No cure so supportive with vision aids e.g. magnifiers
Define what is meant by refractive error ?
This is disorders to do with the size and shape of the eye preventing the eye from being able to focus clearly
What are the 4 main types of refractive error ?
- Myopia
- Hypermetropia
- Astigmatism
- Presbyopia
Define myopia
- This is short-sightedness
- The light focuses in front of the retina
Define hypermetropia
- This is long sightedness
- The light is focuses behind the retina
Define astigmatism
- This is where images are distorted longitudinally or vertically.
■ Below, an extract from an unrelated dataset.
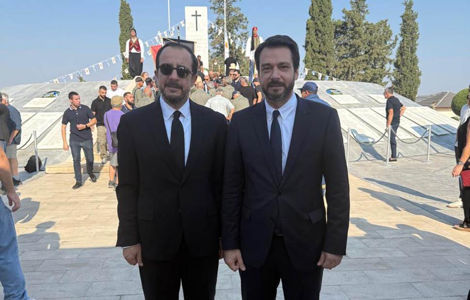 Την Κυριακή, ανήμερα της μαύρης επετείου της εισβολής, συμμετείχε στην επιμνημόσυνη δέηση στον Τύμβο της Μακεδονίτισσας και στο μνημόσυνο των πεσόντων στον Καθεδρικό Ναό του Αποστόλου Βαρνάβα, αποτίοντας φόρο τιμής στους ήρωες της ελευθερίας Η ελληνική αντιπροσωπεία έγινε δεκτή από τον Μακαριώτατο Αρχιεπίσκοπο Κύπρου και Νέας Ιουστινιανής, Γεώργιο, σε μια συνάντηση με έντονο συμβολισμό και εγκάρδιο κλίμα. Ενώ, το απόγευμα, παραβρέθηκε στην επίσημη εκδήλωση για τις μαύρες επετείους του πραξικοπήματος και της τουρκικής εισβολής στο Προεδρικό Μέγαρο της Κυπριακής Δημοκρατίας, όπου επιβεβαιώθηκε η κοινή στάση Αθήνας και Λευκωσίας απέναντι σε κάθε αποσχιστική πρακτική που αντιβαίνει στο Διεθνές Δίκαιο.

- This is caused if the cornea and lens does not have the same degree of curvature in the horizontal and vertical planes
Define presbyopia
- This is where with age the lens stiffness preventing it from quickly changing in shape going from far away objects to up-close ones
- Hence the need for reading glasses as you get older
- (this is normal age-related refractive error)
What is done to correct refractive errors ?
Corrective glasses given
Specifically what type of lens is used to correct myopias ?
Concave lens’s
Specifically what type of lens is used to correct hypermetropias?
Convex lens’s
Describe the overall idea of how gluacomas result in vision loss ?
- May be due to raised IOP but pathogenesis not fully understood
- But essentially there is damage to the optic nerve therefore vision loss
What are the 2 main classes of glucaoma’s?
Open and closed gluacomas
How do patients typically present with close-angle gluacomas ?
- Acutely
- Very painful red eye
- Visual loss
- Headache
- Nausea
- Vomiting
What are the signs/symptoms of open-angle gluacomas ?
Often symptomless
Signs:
- Increased cup to disc ratio (>0.7)
- Notching of optic cup
- Optic disc pallor - indicating optic atrophy
- Bayonetting of vessels - vessels have breaks as they disappear into the deep cup and re-appear at the base
- Peripheral vision loss & decreased VA
- +/- raised IOP

What is the first-line treatment of open angle gluacomas ?
1st line: (eye drops)
1st line = Topical ophthalmic prostaglandin analogues - e.g. lantanoprost, tovoprost (think oprost)
2nd line either:
- Topical ophthalmic beta-blockers - just think olol
- Topical ophthalmic carbonic anhydrase inhibitors - e.g. dorzolamide (think zolamide)
- Topical ophthalmic alpha-2 adrenergic agonists - e.g. apraclonidine (think onidine)
What is the treatment of acute close-angle glaucoma’s ?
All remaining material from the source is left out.